ABOUT THIS TASK. With the pictures omitted, print exactly the lines below, from the one containing "b) Wind the" through the one containing "For mains, we", and nothing else.

RECORDS FOR THE EXERCISE.

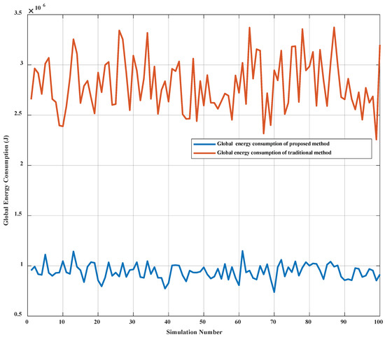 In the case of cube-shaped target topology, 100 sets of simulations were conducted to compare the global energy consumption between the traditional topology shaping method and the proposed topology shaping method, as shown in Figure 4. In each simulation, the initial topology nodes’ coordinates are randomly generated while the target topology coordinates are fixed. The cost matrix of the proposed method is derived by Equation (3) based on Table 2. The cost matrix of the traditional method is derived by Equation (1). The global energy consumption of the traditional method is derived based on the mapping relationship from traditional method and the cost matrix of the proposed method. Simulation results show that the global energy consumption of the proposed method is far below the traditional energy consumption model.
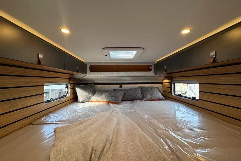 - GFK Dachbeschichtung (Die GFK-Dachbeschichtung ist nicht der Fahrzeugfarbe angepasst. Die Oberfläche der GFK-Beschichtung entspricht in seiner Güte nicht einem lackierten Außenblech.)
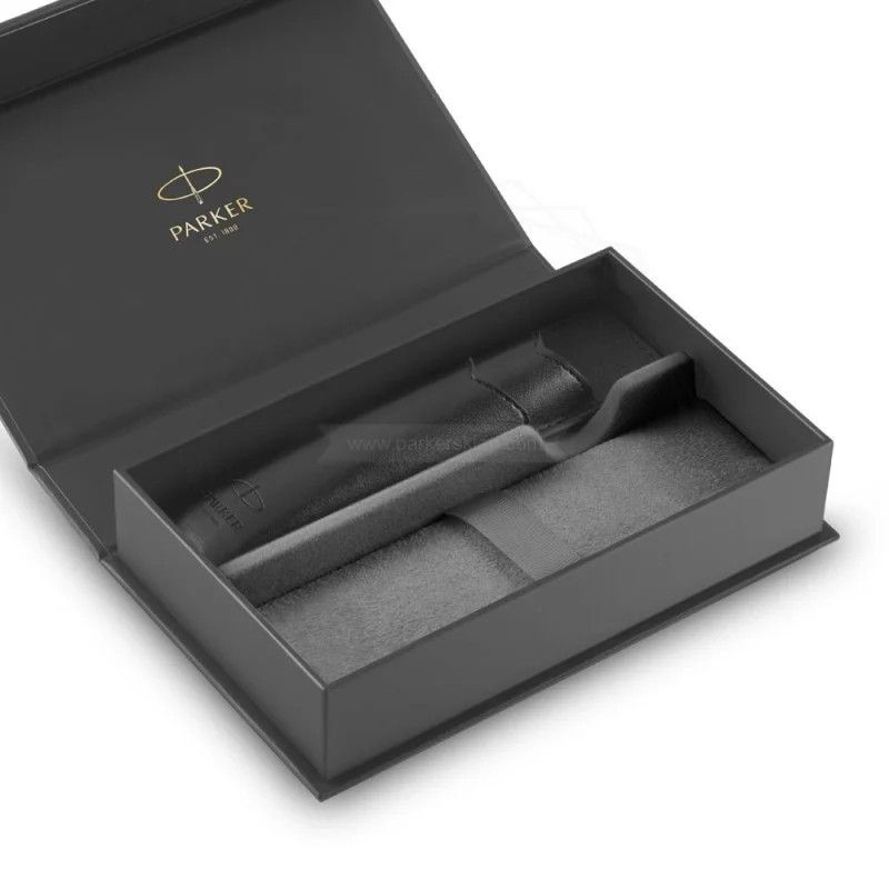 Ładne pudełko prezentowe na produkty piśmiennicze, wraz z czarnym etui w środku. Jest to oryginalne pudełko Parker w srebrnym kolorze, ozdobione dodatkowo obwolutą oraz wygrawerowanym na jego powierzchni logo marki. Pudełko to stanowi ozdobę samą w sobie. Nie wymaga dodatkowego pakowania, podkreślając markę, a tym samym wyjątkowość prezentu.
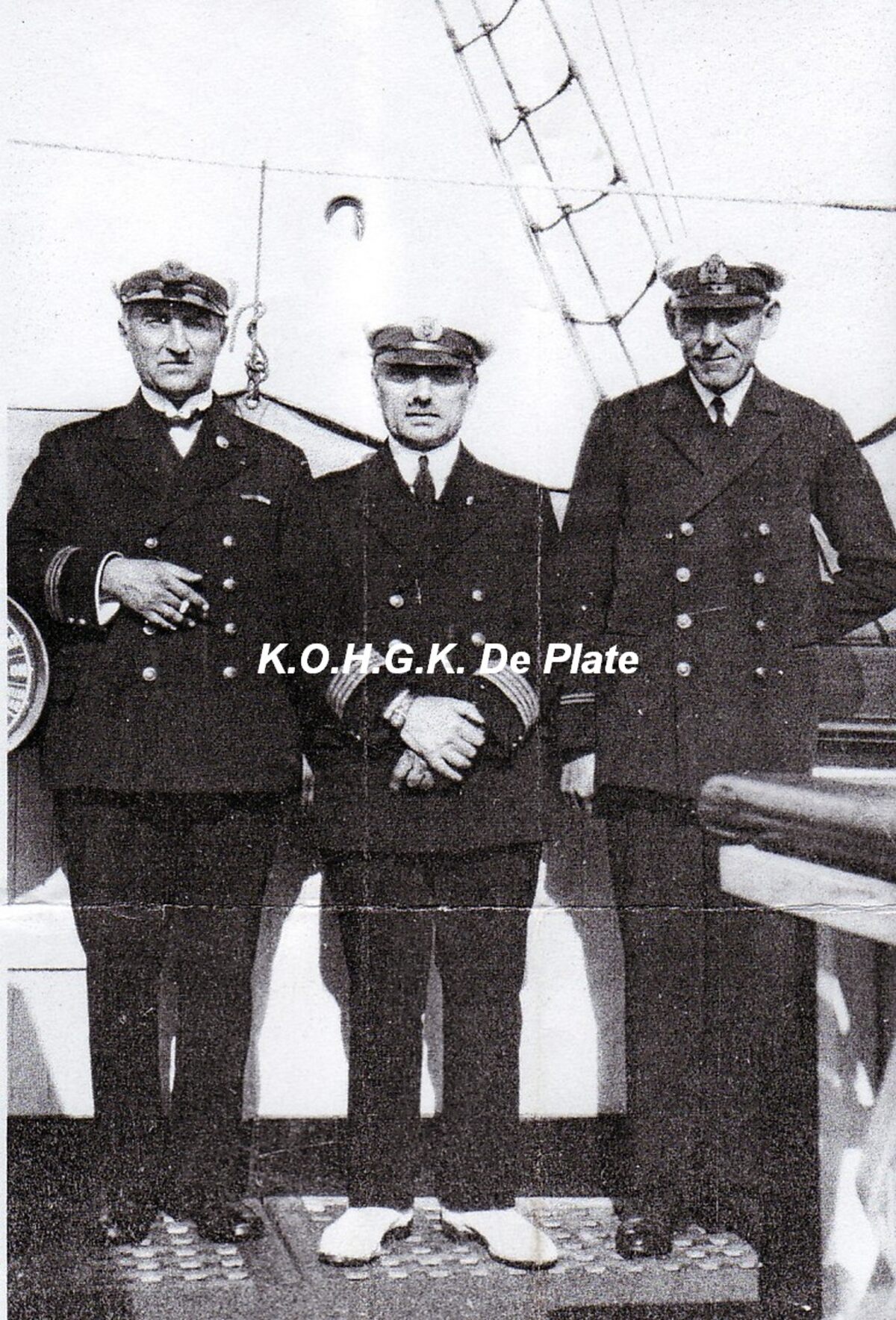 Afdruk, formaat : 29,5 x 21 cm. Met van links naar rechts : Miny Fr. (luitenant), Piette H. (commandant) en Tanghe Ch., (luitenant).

* * *

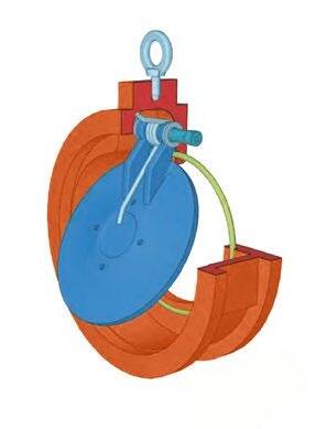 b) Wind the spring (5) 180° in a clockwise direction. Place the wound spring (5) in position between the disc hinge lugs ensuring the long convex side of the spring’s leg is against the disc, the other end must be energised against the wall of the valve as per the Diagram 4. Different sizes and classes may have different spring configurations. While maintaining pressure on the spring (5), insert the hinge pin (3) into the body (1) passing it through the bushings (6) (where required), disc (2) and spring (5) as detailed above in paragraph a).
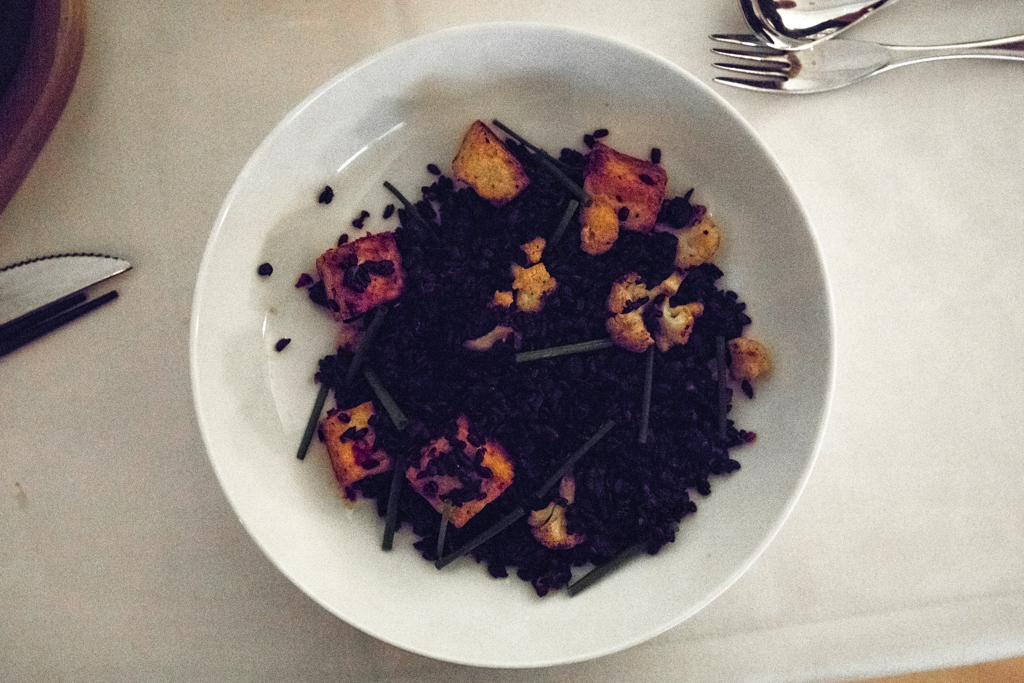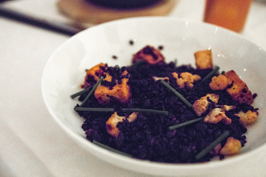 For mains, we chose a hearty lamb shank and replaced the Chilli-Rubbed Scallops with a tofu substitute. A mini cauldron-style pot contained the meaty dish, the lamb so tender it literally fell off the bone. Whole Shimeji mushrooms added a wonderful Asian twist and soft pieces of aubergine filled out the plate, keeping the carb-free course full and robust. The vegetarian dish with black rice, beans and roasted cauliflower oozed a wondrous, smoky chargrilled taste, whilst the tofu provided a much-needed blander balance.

SOLVED PROBLEM.
 b) Wind the spring (5) 180° in a clockwise direction. Place the wound spring (5) in position between the disc hinge lugs ensuring the long convex side of the spring’s leg is against the disc, the other end must be energised against the wall of the valve as per the Diagram 4. Different sizes and classes may have different spring configurations. While maintaining pressure on the spring (5), insert the hinge pin (3) into the body (1) passing it through the bushings (6) (where required), disc (2) and spring (5) as detailed above in paragraph a).
 For mains, we chose a hearty lamb shank and replaced the Chilli-Rubbed Scallops with a tofu substitute. A mini cauldron-style pot contained the meaty dish, the lamb so tender it literally fell off the bone. Whole Shimeji mushrooms added a wonderful Asian twist and soft pieces of aubergine filled out the plate, keeping the carb-free course full and robust. The vegetarian dish with black rice, beans and roasted cauliflower oozed a wondrous, smoky chargrilled taste, whilst the tofu provided a much-needed blander balance.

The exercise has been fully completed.